Lowe’s reference to the recent increases in property prices in most state capital city markets goes further than Tuesday’s statement.

In that, the only reference was to an “earlier decline in housing prices” combining with higher interest rates and cost-of-living pressures to lead “to a substantial slowing in household spending”.

CoreLogic, Domain and other data services are reporting that national home values have arrested declines and are now bouncing back.
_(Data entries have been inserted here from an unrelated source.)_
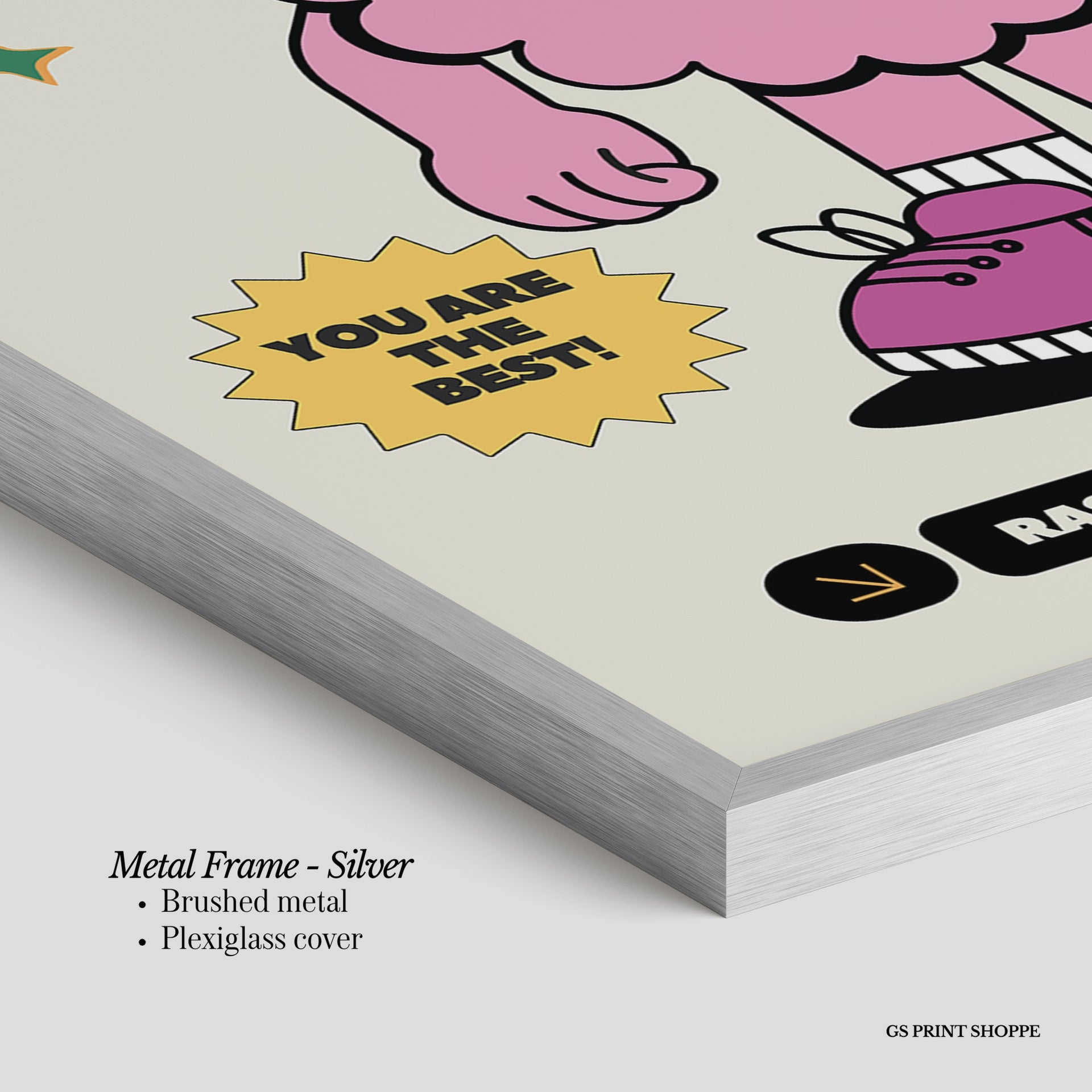 Metal Frame: Sleek and modern, our metal frame is crafted with brushed metal for a polished finish. It comes with durable plexiglass and sturdy metal hangers for horizontal or vertical display.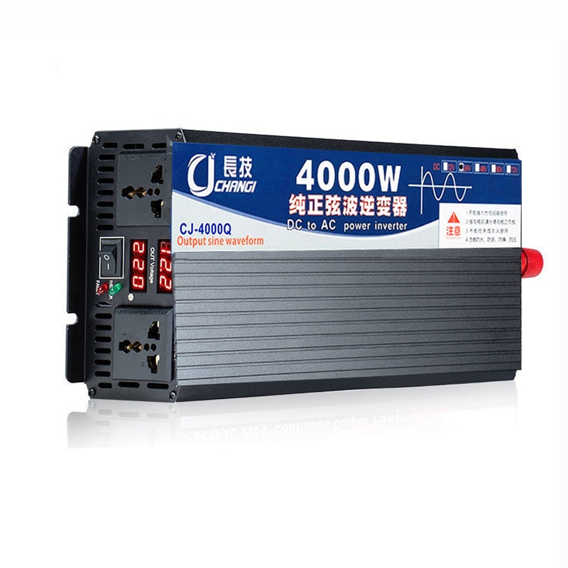 Universal DC to AC inverter with pure sine wave output, supports voltages from 12V to 48V, and power ratings up to 5000W. Features a double display LED indicator, on/off switch, and universal socket.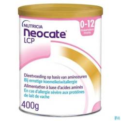 Neocate LCP est une denrée alimentaire destinée à des fins médicale spéciales, spécialement développé pour les nourrissons souffrant d'allergie aux protéines de lait de vache, de polyallergies alimentaires ou d'autres indications pour lesquelles une diète élémentaire est recommandée.Neocate LCP est totalement exempt de protéines de lait de vache. L'alimentation est faite à base d'acides aminés libres. Les acides aminés sont les éléments constitutifs des protéines, seul le système immunitaire ne peut pas répondre à ces acides aminés car ils sont trop petits. De cette manière, Neocate LCP aide à soulager les symptômes d'allergie aux protéines de lait de vache. A utiliser sous contrôle médical, après avoir envisagé toutes les options possibles notamment l'allaitement maternel.
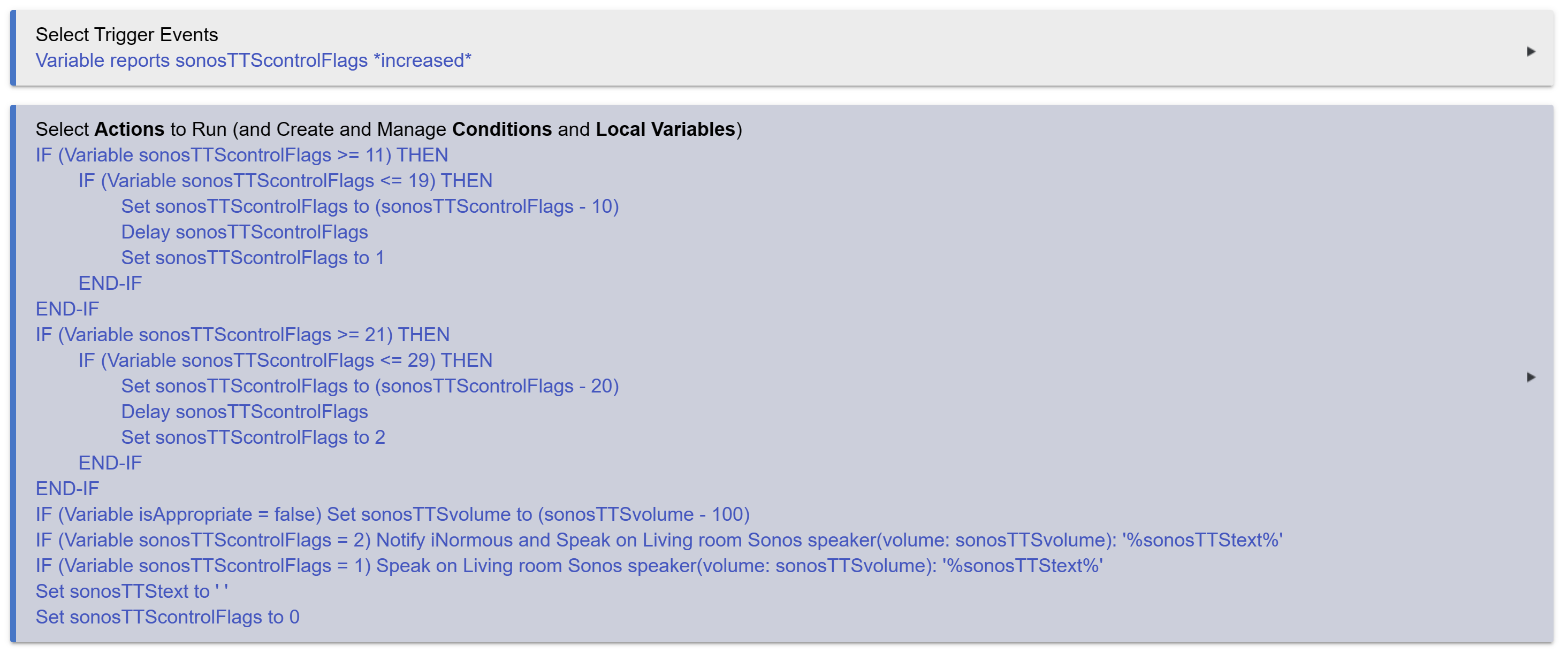 I can't fathom what string would end up with a value of '22'--that's the controlFlags variable but that's always been of type 'number'. The only string involved here is the sonosTTStext string which isn't part of the equation (literally and figuratively). All variables were global prior to my mod below.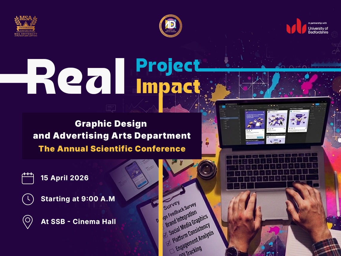 The Faculty of Arts and Design at October University for Modern Sciences and Arts (MSA) is conducting its annual scientific conference of the Graphic Arts and Advertising Department, in a distinguished edition entitled “Real Project – Real Impact” under the patronage of Prof. Dr. Tarek Saleh, Dean of the Faculty of Arts and Design and Prof. Dr. Hani El-Saeed.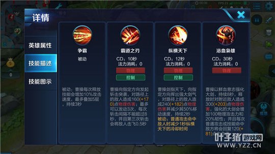 推荐加点:一技能是曹操的主力输出技能,而且一技能的技能成长值也优于二技能,所以建议主点一技能,次点二技能,有大点大。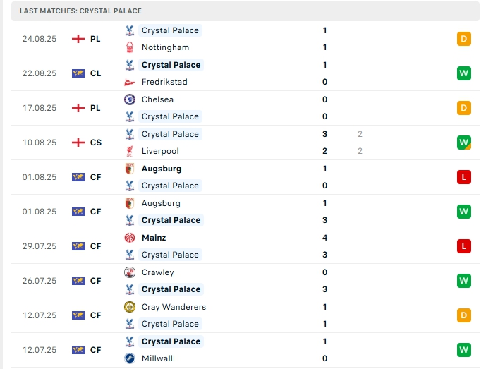 Crystal Palace ở 4 trận chính thức từ đầu mùa, họ mang về 4 bàn thắng và nhận 3 bàn thua, Crystal Palace sở hữu hàng công biết cách ghi bàn, dù vậy hàng thủ của đội bóng này không thực sự chắc chắn, đặc biệt khi xa nhà ở 3/5 trận vừa qua của Crystal Palace khép lại từ 3 bàn trở lên và 3/5 trận đấu đó họ đều để các đối thủ chọc thủng lưới.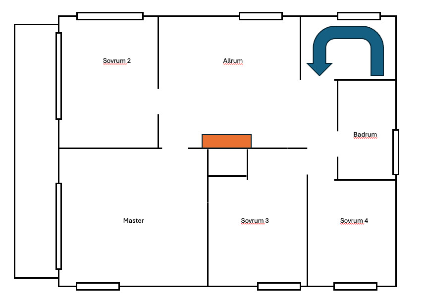 Jag skulle vilja förstå vilka väggar som är bärande i mitt hus på plan ett (övervåning). Framförallt skulle jag vilja veta ifall väggarna runt den öppna spisen, markerat i rött i bilden, är bärande. Det vill säga de två lite tjockare väggarna runt murstocken på ritningen som går ut som ett V runt öppna spisen. I verkligheten är inte de väggarna tjockare eller smalare än övriga väggar på våningsplanet, cirka 10 cm. Det känns annars som att alla väggar är rätt robusta förutom väggen mellan "kök" och "sovrum" där man känner att det är i princip gipsvägg.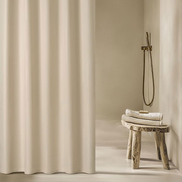 Harmony från Debel är ett duschdraperi tillverkat återvunnen polyester.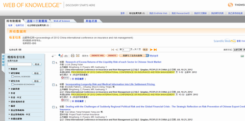 由清华大学出版社出版的《2012中国保险与风险管理国际年会论文集》(Proceedings of the 2012 China International Conference on Insurance and Risk Management)日前已被CPCI-SSH收录。论文集所含的68篇论文全部都可通过Web of Knowledge平台检索到。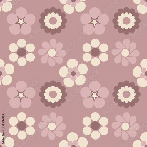 Seamless floral pattern with abstract flowers in flat technique vector illustration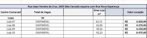 Aluguel + IPTU e Condomínio: de acordo com o tamanho da loja ( De R$ 75,00 a 150,00) valor médio.
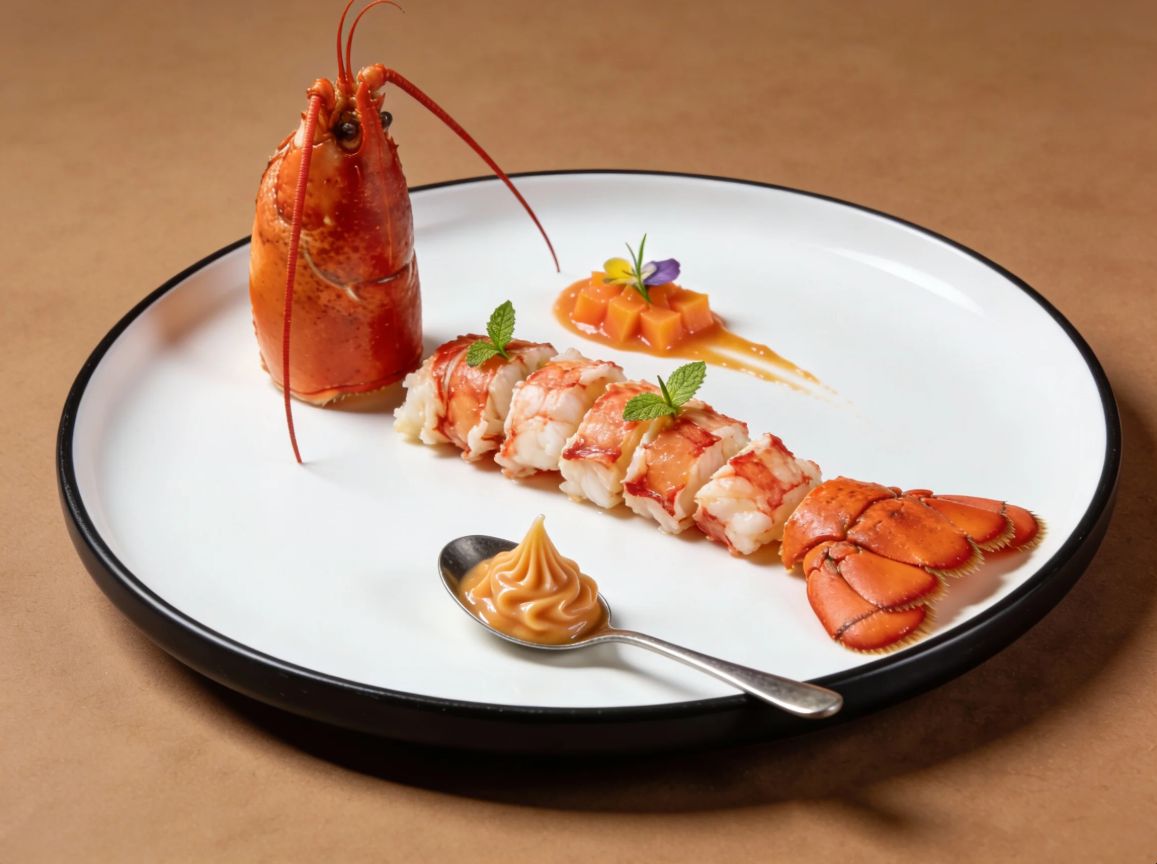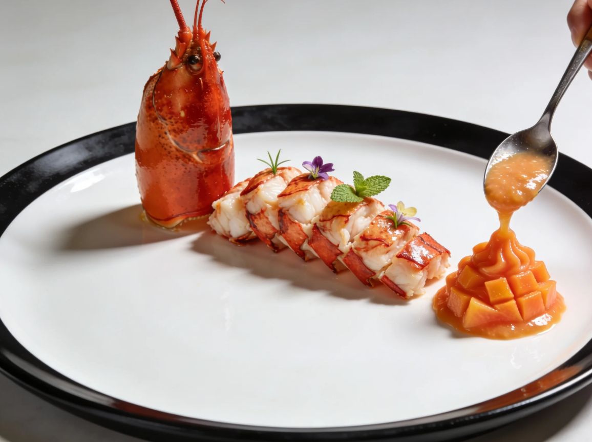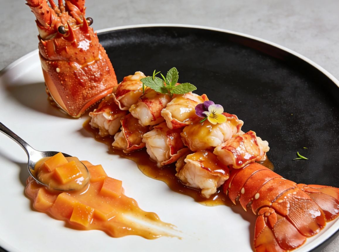 酱汁的独立:木瓜酱是“蘸”酱,绝非“浇”头。分开摆放,让食客自行取用,是保留龙虾本味与仪式感的核心。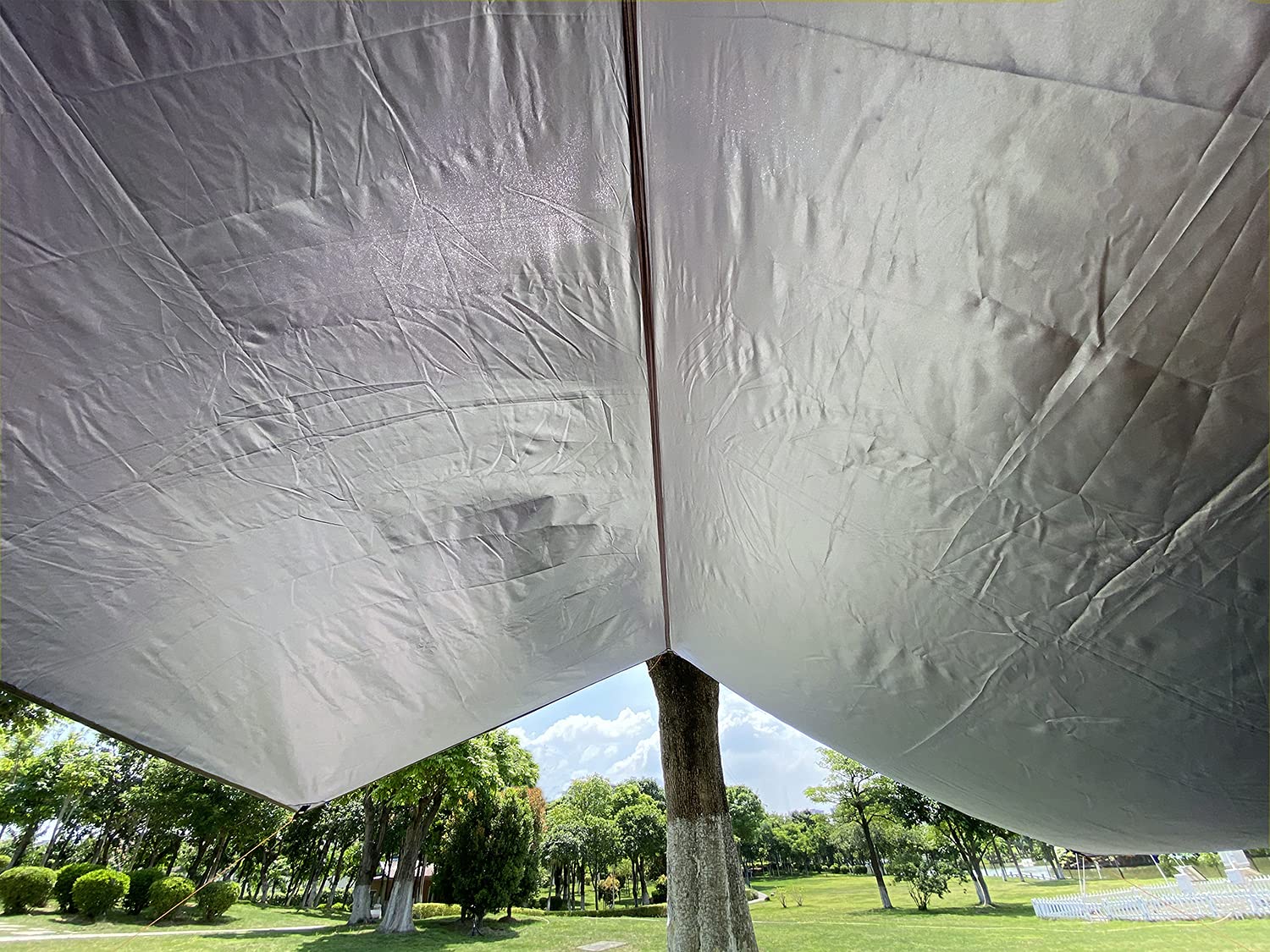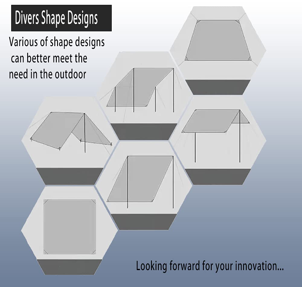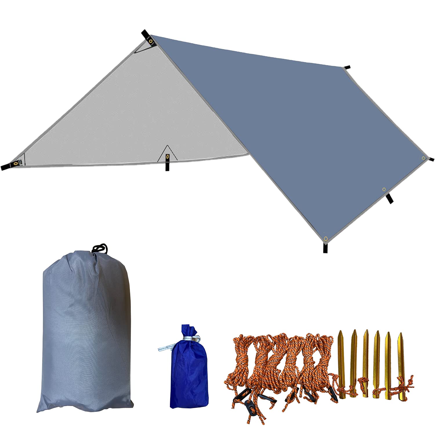 - 【WATER PROOF】The tarp tent coated with PU 3000 mm inner layer, it can provide a waterproof use and UV protection for the user, it can be a sunshade tarp and a rain fly shelter perfectly at the same time. Besides greatly reduce your anxiety of leaking and wet through when you make a camping or resting at the outdoor, It can quickly getting dry to help you save more time in packing and hurrying on your journey.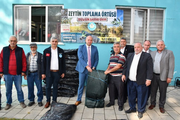 Manisa Büyükşehir Belediyesi, 20 dekar ve altı üretim yapan 7500 zeytin üreticisinin hasat sırasında ve sonrasında kullanacağı; kişi başı 4 adet 5×8 metre ölçülerindeki zeytin toplama örtülerinin dağıtımına Saruhanlı’da başladı.

While the RBA typically doesn’t set rates according to the level of home prices, they do pay heed to the way households adjust spending according to how wealthy they feel.

The central bank also tracks rental prices closely, not least because they feature in the basket of goods and services that comprises the consumer price index.

In the March quarter, rents recorded the largest annual rise since 2010, reflecting strong demand amid low vacancy rates across the country, the Australian Bureau of Statistics said last week. “Rental price growth continues to increase in Sydney and Melbourne with both cities recording their strongest annual rises since 2012.”

Lowe also referred to rents in his Perth speech.

“There is a very limited supply of rental properties and rents in Perth have been rising even faster than elsewhere in the country,” Lowe said, adding “on a more positive note, unemployment in Western Australia has generally been lower than in the rest of the country”.

While goods price increases were slowing, “services and energy price inflation is still high and likely to remain so for some time”, Lowe said.

“Looking overseas, we see worryingly persistent services price inflation,” he said. “It is possible that circumstances might be different here in Australia, but the experience abroad points to an upside risk, especially given the high degree of commonality across countries in inflation dynamics recently.”

The US Federal Reserve is expected to respond to similar forces later this week by raising its key interest rate 25 basis points.

Lowe said Australia’s 7% March quarter inflation rate was “confirmation that the peak in inflation in Australia is now behind us”. Still, the bank had not changed its view “that it will be some time yet before inflation is back in the target range [of 2% to 3%]”.